Sunday, September 26, 2010

Nigerian President Removes Top Military Officers From Their Posts in Major Shake-up

Military Postings Stir Controversy .

Sunday, 26 September 2010 00:00
Nigerian Guardian
From Kelvin Ebiri (Port Harcourt), Niyi Bello (Akure), Saxone Akhaine (Kaduna) and Gordi Udeajah

FRIDAY’S removal of top military officers from their positions has prompted another round of controversy laced with political undertones.

President Goodluck Jonathan had approved what the Director of Army Public Relations, Brigadier-General Chris Olukolade, described as “redeployment” of the officers.

The exercise saw to the sacking of the General Officers Commanding (GOC) the1st Division, Kaduna; 2nd Division, Ibadan; 3rd Armoured Division, Jos; 81st Division (Amphibious), Lagos and the 82nd Division (Airborne and Amphibious) in Enugu.

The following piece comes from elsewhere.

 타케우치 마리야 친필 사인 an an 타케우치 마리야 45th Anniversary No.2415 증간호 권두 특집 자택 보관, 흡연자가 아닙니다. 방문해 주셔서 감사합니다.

The officers were immediately replaced.

Other officers replaced were the Commanders of the Army Headquarters Garrison; the Brigade of Guards; Commandant of the Nigerian Defence Academy; Chief of Training and Operations, Defence Headquarters; and the Commander, the Joint Task Force.

A few days after all the Service Chiefs, the Inspector-General of Police and the Director-General of the State Security Services were removed and new men appointed.The president on Friday announced the redeployment of all the military commanders.

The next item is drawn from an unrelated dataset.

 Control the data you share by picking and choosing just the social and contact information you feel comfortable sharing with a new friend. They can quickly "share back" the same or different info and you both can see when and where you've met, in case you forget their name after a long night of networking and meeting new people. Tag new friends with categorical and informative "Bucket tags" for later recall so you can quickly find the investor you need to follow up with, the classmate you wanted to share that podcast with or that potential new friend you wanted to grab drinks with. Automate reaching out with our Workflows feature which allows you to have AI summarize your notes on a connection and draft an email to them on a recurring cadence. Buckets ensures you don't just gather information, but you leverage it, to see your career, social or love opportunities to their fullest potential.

The National Security Adviser (NSA), Aliyu Mohammed Gusau, has also resigned his appointment to contest for the president on the platform of the Peoples Democratic Party (PDP), bringing a completely new face to the country’s security leadership.

Brigadier-General Olukolade said the recent postings in the army, which affected all Principal Staff Officers, Formation and Corps Commanders as well as Commandants of training institutions and some staff officers of the Defence and Army Headquarters, led to the latest reshuffle.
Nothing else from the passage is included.